» PROBLEM DETAILS
Each line of the records has to be copied exactly, though the pictures must be left out.

(RECORDS TO USE begins)

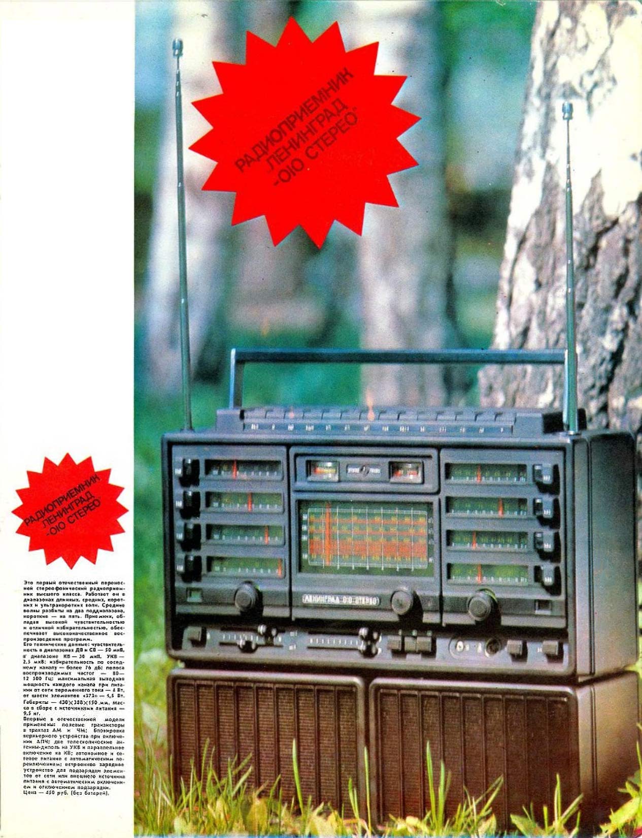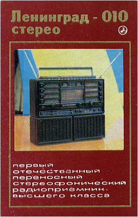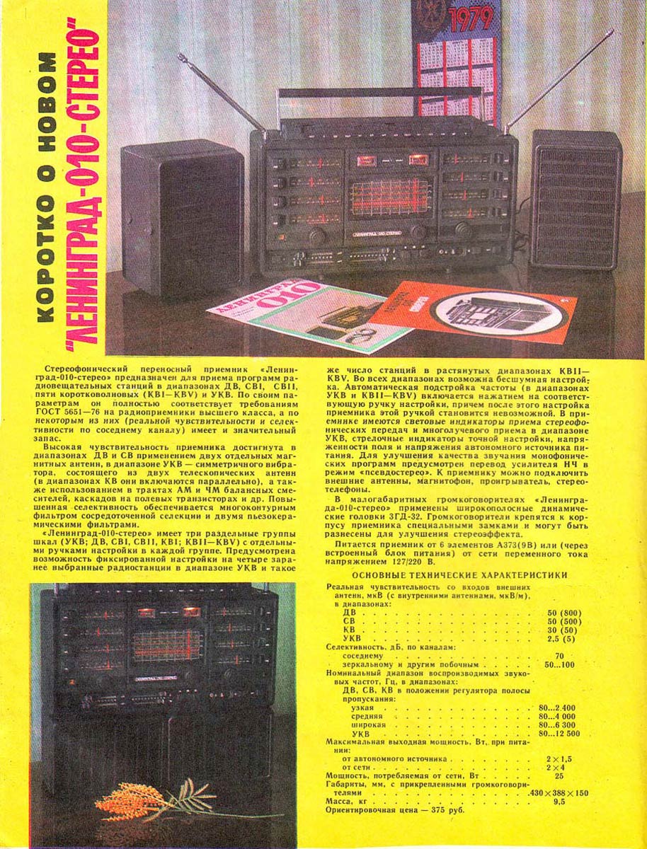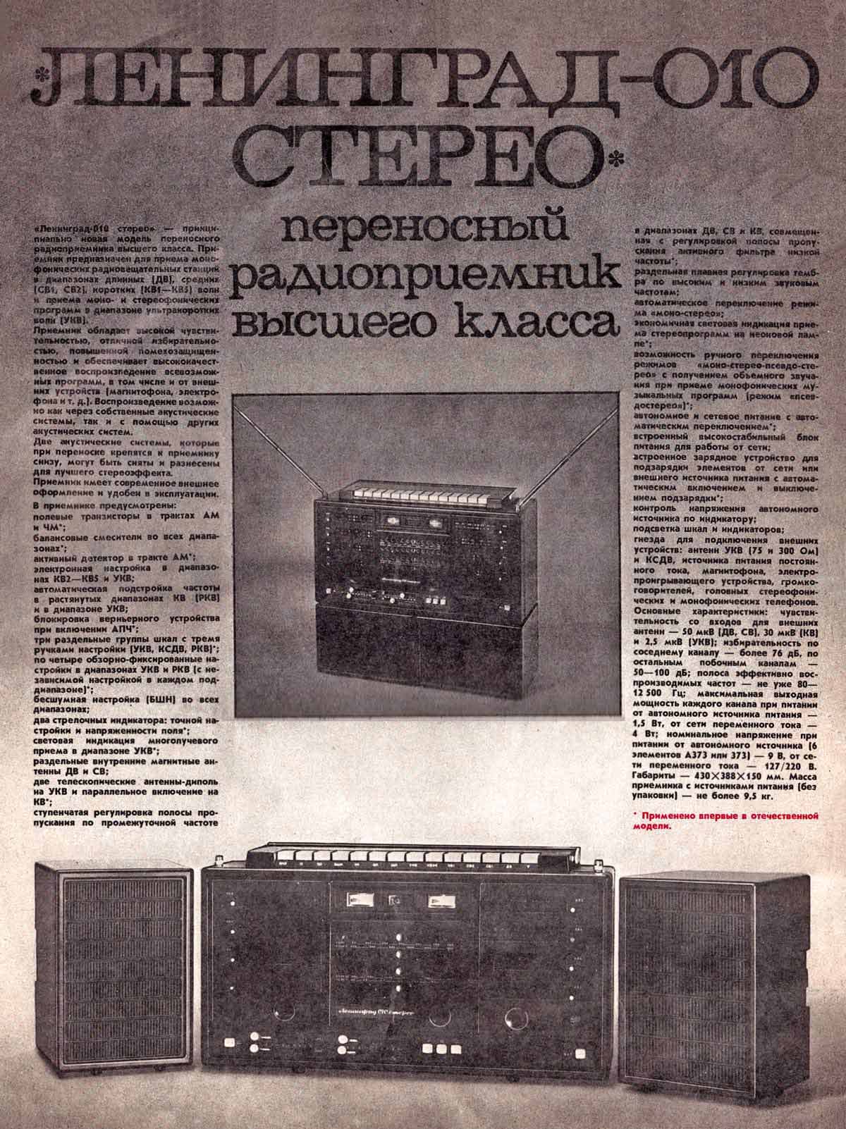 Стереофонический радиоприёмник *Ленинград-010-стерео* с 1979 года выпускал Ленинградский завод *Радиоприбор*. Радиоприёмник **Ленинград-010-стерео** предназначен для приёма радиовещательных станций в диапазонах ДВ, CB-I, CB-II, пяти коротковолновых и УКВ-ЧМ. По параметрам приёмник соответствует требованиям ГОСТ 5651-76 на модели высшего класса, а по некоторым из них имеет и значительный запас. Высокая чувствительность достигнута в диапазонах ДВ и СВ применением 2-х отдельных магнитных антенн, в диапазоне УКВ симметричного вибратора из двух телескопических антенн, в диапазонах KB они включаются параллельно с использованием балансных смесителей каскадов. Высокая селективность обеспечивается многоконтурным ФСС и двумя пьезокерамическими фильтрами. Приёмник имеет три раздельные группы шкал с отдельными ручками для настройки. Предусмотрена и возможность фиксированной настройки на 4 заранее выбранные станции в диапазоне УКВ и такое же число станций в поддиапазонах КВ. Во всех диапазонах возможна бесшумная настройка. Автоматическая подстройка частоты (КВ, УКВ) включается нажатием на соответствующую ручку настройки, причём после этого настройка этой ручкой становится невозможной. В приёмнике имеются световые индикаторы приёма стереофонических передач и многолучевого приёма в диапазоне УКВ, стрелочные индикаторы точной настройки, напряженности поля и напряжения источника питания. Для улучшения звука моно-программ предусмотрен перевод усилителя приёмника в режим псевдостерео. К приёмнику можно подключить внешние антенны, магнитофон, проигрыватель, стереотелефоны. В АС применены широкополосные громкоговорители ЗГД-32. АС крепятся к корпусу и могут разнесены для улучшения стереоэффекта. Питание от 6 элементов А-373 и через встроенный БП от электрической сети. Чувствительность со входов внешних антенн, мкВ (с встроенными антеннами, мкВ/м), в диапазонах; ДВ - 50/800. СВ - 50/500. KB - 30/50. УКВ - 2,5/5. Селективность приёмника; дБ, по каналам: соседнему 70, зеркальному и другим побочным 50...100. Диапазон воспроизводимых частот, Гц, в диапазонах АМ при полосе пропускания: узкая 80...2400, средняя 80...4000, широкая 80...6300, ЧМ - 80...12500. Максимальная выходная мощность, Вт при питании от батарей 2х1,5, от сети 2х4. Потребляемая от сети мощность Вт, 25. Габариты приёмника с прикрепленными АС - 430х388х150 мм. Общая масса 9,5 кг. Розничная цена 375 рублей.
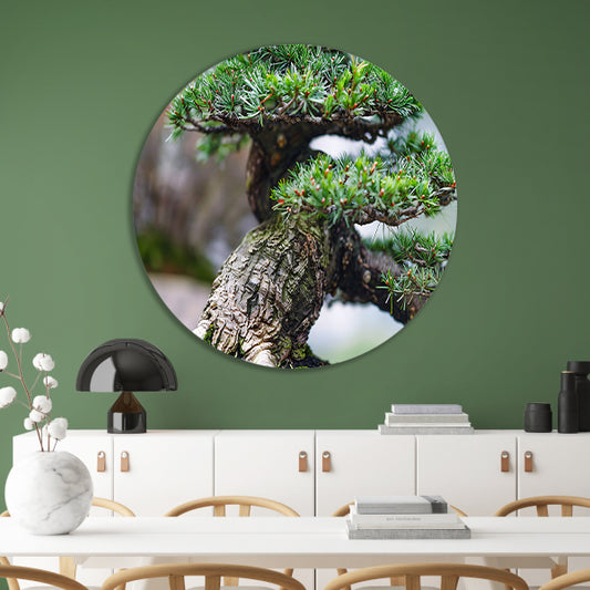 Gedetailleerde close-up van een bonsai boom aluminium muurcirkel
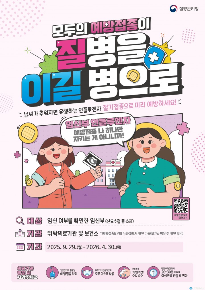 [충북타임뉴스=한정순 기자] 충북도는 오는 9월 22일부터 내년 4월 30일까지 ’25-’26절기 인플루엔자 국가예방접종을 실시한다고 밝혔다.무료 접종 대상자는 ▲생후 6개월부터 13세 어린이(2012년 1월 1일~2025년 8월 31일 출생자), ▲임신부, ▲65세 이상(1960년 12월 31일 이전 출생자) 어르신이다.
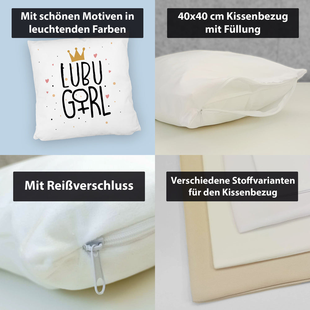 - 1x Ludwigsburg Kissen mit Spruch LUBU girl in der gewählten Ausführung
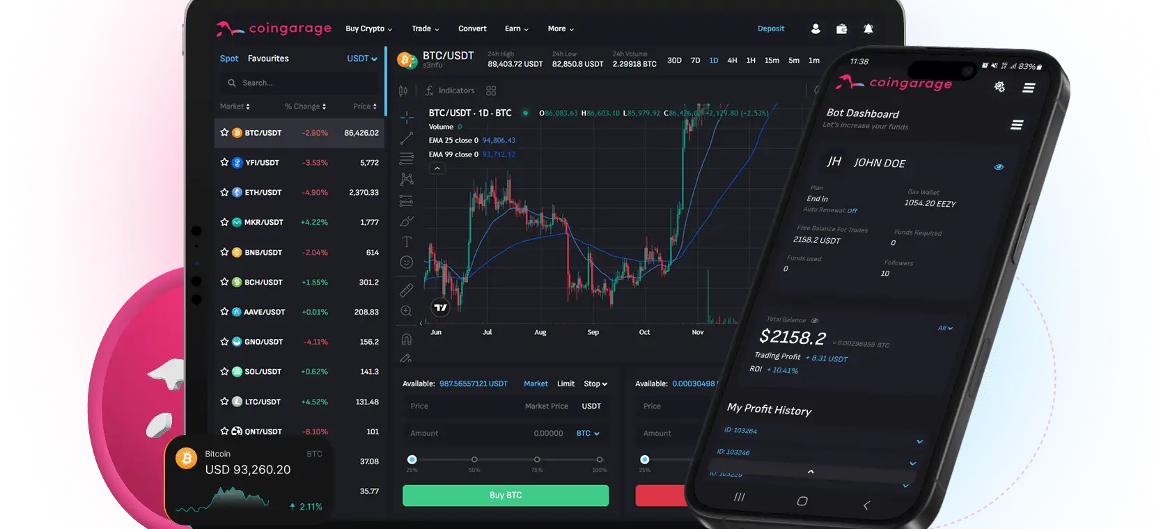 Coingarage was launched with a mission to provide a secure, fast, and feature-rich trading experience to crypto users across Europe and beyond. Built by a team of seasoned professionals and developers, the exchange supports low-fee trading, automated investment bots, and a growing ecosystem centered around its native $GARA token. As of 2025, the exchange has introduced its staking program, referral system, savings plan, and listings of over 100 digital assets.
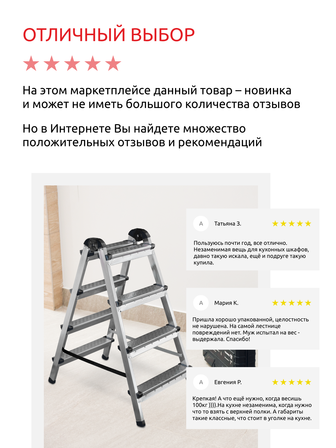 | Отзыв: | Брала себе, т.к. у меня маленький рост. Даже котикам понравилась! А они у меня еще те любители лазать по стремянкам ? |
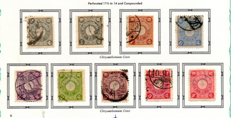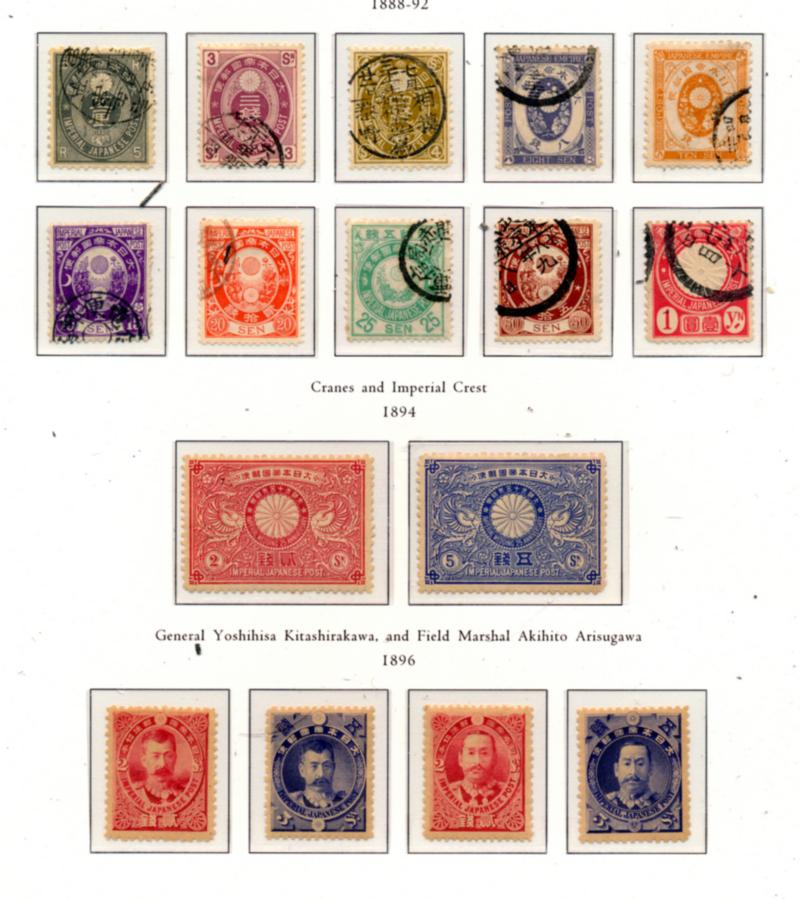 JAPAN 1900-1940 SELECTION STAMPS F /O. 3 souvenir cards containing 194 cancelled stamps. Must be examined, a very interesting lot. Starting bid $100.00. (Image1)
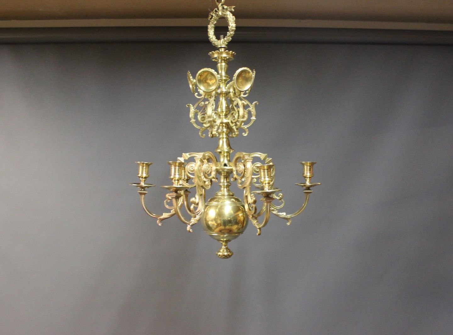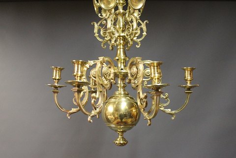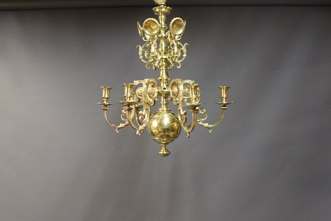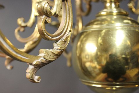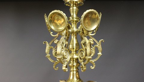 SolgtKirkekrone i messing og smukt dekoreret. Kirkekronen er fra ca. 1850 og Danmark. Den har aftagelige arme og plads til fire lys.
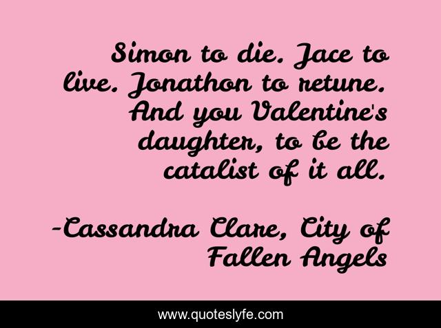 This page presents the quote "Simon to die. Jace to live. Jonathon to retune. And you Valentine's daughter, to be the catalist of it all.". Author of this quote is Cassandra Clare, City of Fallen Angels. This quote is about mystery, fantasy, romance, thriller,.
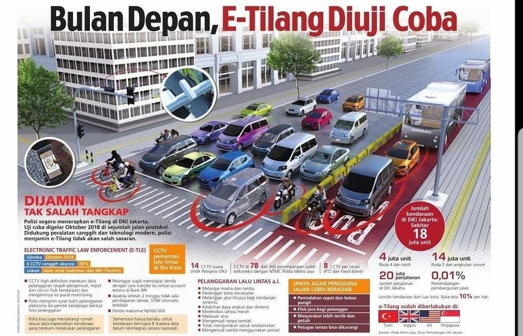 Untuk merealisasikan wacananya ini, Polda Metro Jaya mengatakan telah menyediakan 4 CCTV yang akan digunakan dalam uji coba e-Tilang di Jl Jenderal Sudirman-MH Thamrin. Tilang elektronik akan diuji coba pada Oktober 2018 mendatang.
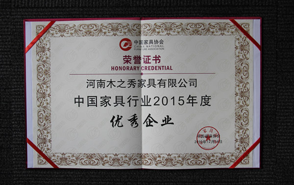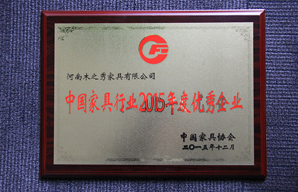 木之秀家具榮獲“中國家具行業2015年度優秀企業”榮譽
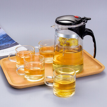 贝瑟斯 玻璃泡茶壶套装 一壶4杯飘逸杯茶杯过滤茶具家用玻璃杯套装700ml 五件套
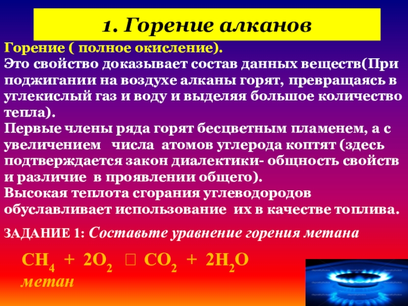 Первые члены ряда горят бесцветным пламенем, а с увеличением числа атомов углерода коптят (здесь подтверждается закон диалектики- общность свойств и различие в проявлении общего).
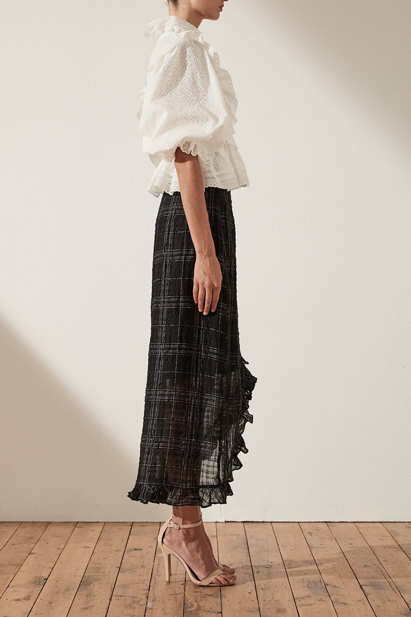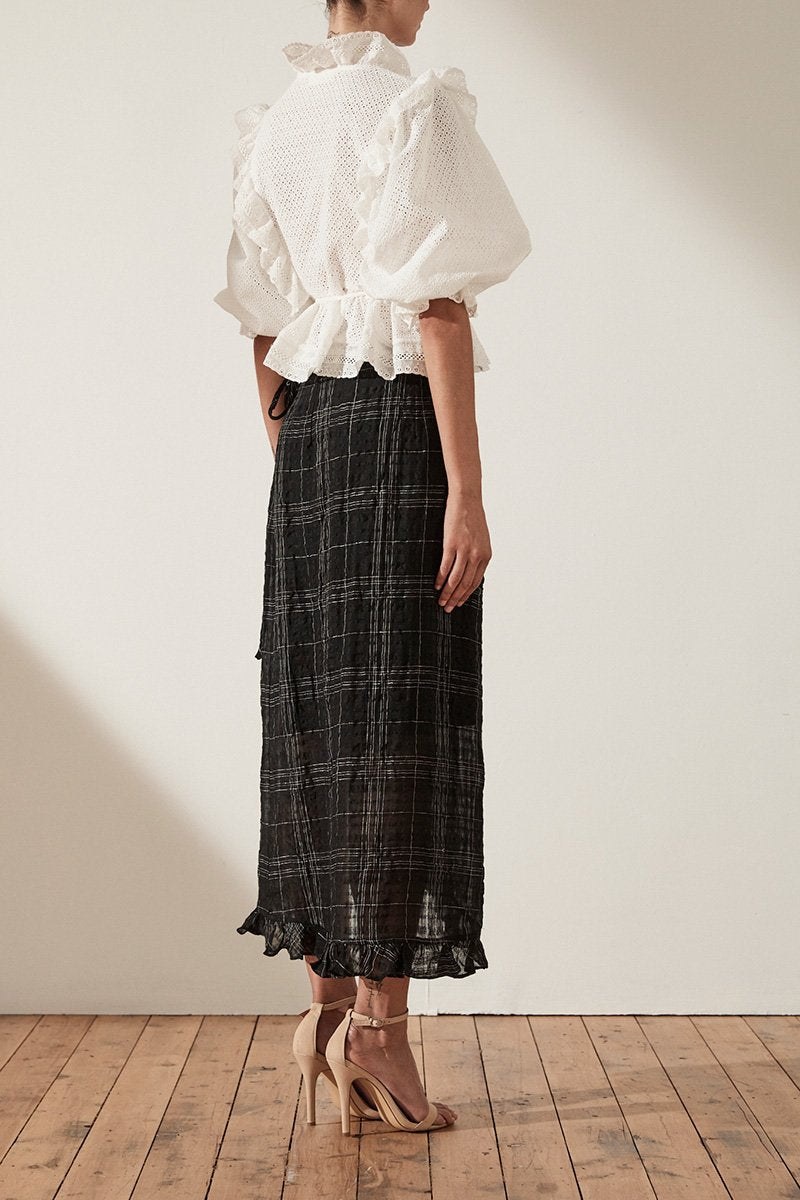 Puff sleeve wrap blouse in a medium weight embroidered cotton with a semi-sheer appearance. This top features low v neckline, wrap front, puff sleeve with elasticated cuff and partial lining
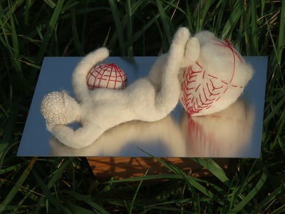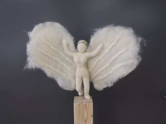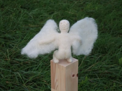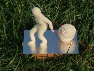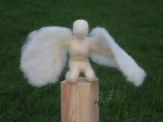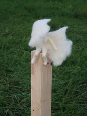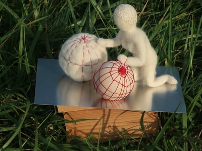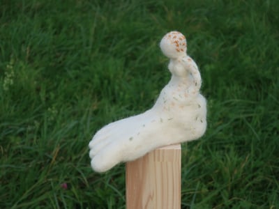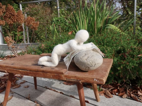 Figur aus der Wolle vom Schwarznasenschaf und Frucht der Kugeldistel
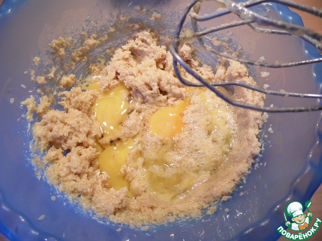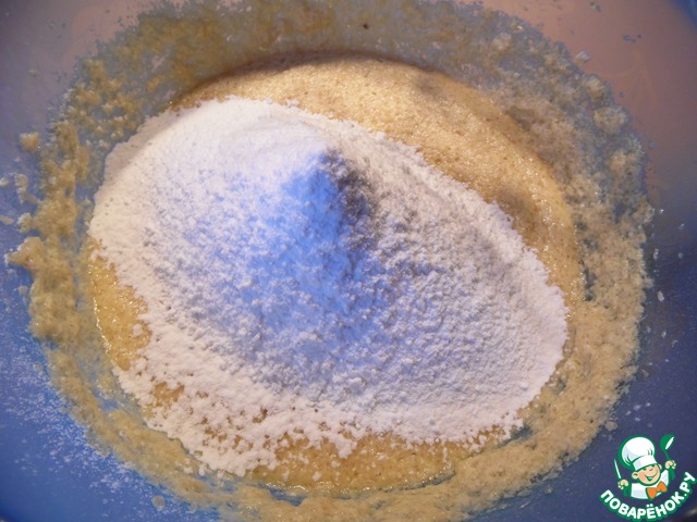 Добавить просеянную с разрыхлителем муку, замесить негустое тесто.

(RECORDS TO USE ends)

» EXERCISE RESPONSE
 Стереофонический радиоприёмник *Ленинград-010-стерео* с 1979 года выпускал Ленинградский завод *Радиоприбор*. Радиоприёмник **Ленинград-010-стерео** предназначен для приёма радиовещательных станций в диапазонах ДВ, CB-I, CB-II, пяти коротковолновых и УКВ-ЧМ. По параметрам приёмник соответствует требованиям ГОСТ 5651-76 на модели высшего класса, а по некоторым из них имеет и значительный запас. Высокая чувствительность достигнута в диапазонах ДВ и СВ применением 2-х отдельных магнитных антенн, в диапазоне УКВ симметричного вибратора из двух телескопических антенн, в диапазонах KB они включаются параллельно с использованием балансных смесителей каскадов. Высокая селективность обеспечивается многоконтурным ФСС и двумя пьезокерамическими фильтрами. Приёмник имеет три раздельные группы шкал с отдельными ручками для настройки. Предусмотрена и возможность фиксированной настройки на 4 заранее выбранные станции в диапазоне УКВ и такое же число станций в поддиапазонах КВ. Во всех диапазонах возможна бесшумная настройка. Автоматическая подстройка частоты (КВ, УКВ) включается нажатием на соответствующую ручку настройки, причём после этого настройка этой ручкой становится невозможной. В приёмнике имеются световые индикаторы приёма стереофонических передач и многолучевого приёма в диапазоне УКВ, стрелочные индикаторы точной настройки, напряженности поля и напряжения источника питания. Для улучшения звука моно-программ предусмотрен перевод усилителя приёмника в режим псевдостерео. К приёмнику можно подключить внешние антенны, магнитофон, проигрыватель, стереотелефоны. В АС применены широкополосные громкоговорители ЗГД-32. АС крепятся к корпусу и могут разнесены для улучшения стереоэффекта. Питание от 6 элементов А-373 и через встроенный БП от электрической сети. Чувствительность со входов внешних антенн, мкВ (с встроенными антеннами, мкВ/м), в диапазонах; ДВ - 50/800. СВ - 50/500. KB - 30/50. УКВ - 2,5/5. Селективность приёмника; дБ, по каналам: соседнему 70, зеркальному и другим побочным 50...100. Диапазон воспроизводимых частот, Гц, в диапазонах АМ при полосе пропускания: узкая 80...2400, средняя 80...4000, широкая 80...6300, ЧМ - 80...12500. Максимальная выходная мощность, Вт при питании от батарей 2х1,5, от сети 2х4. Потребляемая от сети мощность Вт, 25. Габариты приёмника с прикрепленными АС - 430х388х150 мм. Общая масса 9,5 кг. Розничная цена 375 рублей.
 Gedetailleerde close-up van een bonsai boom aluminium muurcirkel
 [충북타임뉴스=한정순 기자] 충북도는 오는 9월 22일부터 내년 4월 30일까지 ’25-’26절기 인플루엔자 국가예방접종을 실시한다고 밝혔다.무료 접종 대상자는 ▲생후 6개월부터 13세 어린이(2012년 1월 1일~2025년 8월 31일 출생자), ▲임신부, ▲65세 이상(1960년 12월 31일 이전 출생자) 어르신이다.
 - 1x Ludwigsburg Kissen mit Spruch LUBU girl in der gewählten Ausführung
 Coingarage was launched with a mission to provide a secure, fast, and feature-rich trading experience to crypto users across Europe and beyond. Built by a team of seasoned professionals and developers, the exchange supports low-fee trading, automated investment bots, and a growing ecosystem centered around its native $GARA token. As of 2025, the exchange has introduced its staking program, referral system, savings plan, and listings of over 100 digital assets.
 | Отзыв: | Брала себе, т.к. у меня маленький рост. Даже котикам понравилась! А они у меня еще те любители лазать по стремянкам ? |
 JAPAN 1900-1940 SELECTION STAMPS F /O. 3 souvenir cards containing 194 cancelled stamps. Must be examined, a very interesting lot. Starting bid $100.00. (Image1)
 SolgtKirkekrone i messing og smukt dekoreret. Kirkekronen er fra ca. 1850 og Danmark. Den har aftagelige arme og plads til fire lys.
 This page presents the quote "Simon to die. Jace to live. Jonathon to retune. And you Valentine's daughter, to be the catalist of it all.". Author of this quote is Cassandra Clare, City of Fallen Angels. This quote is about mystery, fantasy, romance, thriller,.
 Untuk merealisasikan wacananya ini, Polda Metro Jaya mengatakan telah menyediakan 4 CCTV yang akan digunakan dalam uji coba e-Tilang di Jl Jenderal Sudirman-MH Thamrin. Tilang elektronik akan diuji coba pada Oktober 2018 mendatang.
 木之秀家具榮獲“中國家具行業2015年度優秀企業”榮譽
 贝瑟斯 玻璃泡茶壶套装 一壶4杯飘逸杯茶杯过滤茶具家用玻璃杯套装700ml 五件套
 Первые члены ряда горят бесцветным пламенем, а с увеличением числа атомов углерода коптят (здесь подтверждается закон диалектики- общность свойств и различие в проявлении общего).
 Puff sleeve wrap blouse in a medium weight embroidered cotton with a semi-sheer appearance. This top features low v neckline, wrap front, puff sleeve with elasticated cuff and partial lining
 Figur aus der Wolle vom Schwarznasenschaf und Frucht der Kugeldistel
 Добавить просеянную с разрыхлителем муку, замесить негустое тесто.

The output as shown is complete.